One reason we favor the town is that it's the starting point for one of our best hikes, up Monte Cavo. In fact the photo we took, right, of Monte Cavo from the town, was taken from the now infamous (to us) Bar Centrale.

It's not hard to find men hanging out outside the bars or in the very large square that dominates the lower part of the town. (See photo below.)

From now on, we will have to listen more carefully to their conversations, though maybe we won't like what we hear.





Caffè Europa  is dear to our hearts because it's not only where we've always started (coffee) our hikes, it's also where we've ended (beer) them, and parked our scooter. The photo below was taken with our 2nd of three scooters (historically, not all at once), the foregrounded Malaguti, while the guys play cards, per usual.

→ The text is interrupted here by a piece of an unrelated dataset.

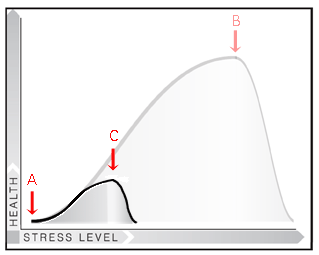 FIGURE 3 – Antifragile: An antifragile object benefits from stress, up to a certain point. As stress increases, so too does the health and strength of an antifragile object. However, once a certain stress level is reached, the object is no longer antifragile, and it will suffer from continually increasing stress. At this point (B) the object is again fragile, but also notice, if stress stays at the level at point (A), the object will also be unhealthy. FIGURE 4 – Fragility and Antifragility of Injured Tissues: When tissues are damaged, the tolerance at which they pass the threshold from antifragile to fragile moves to the left, to point C. Clearly, if stress is applied at the B level, the tissues will be damaged, but if the stress applied remains at point A, the tissues will remain fragile. Ideally the stress should be close to, but not beyond the edge represented by point C.

That the town is picturesque is an understatement, and it's beautifully sited below Monte Cavo (see photo at end of this post). Its "shield" features the "rocca" or fortress - on the fountain that graces the top of the large square in the photo below. And the "Papa" is for a 12th century Pope who lived there (Eugenio III).

Another view below is from the cemetery, and in the distance the ruins of ancient Tusculum, a Roman town. Everything in Rocca di Papa, including the cemetery (and that 1935 building above) is on a slant, given its position on the steeply sloping hillside.

More in a later post on Mussolini and the rise of neo-Fascism.

Dianne





The town of Rocca di Papa, seen from the main piazza. The first phase of the hike to Monte
Cavo is getting to the top of Rocca di Papa via picturesque city streets. The mountain itself is straight ahead but is not visible in the photo.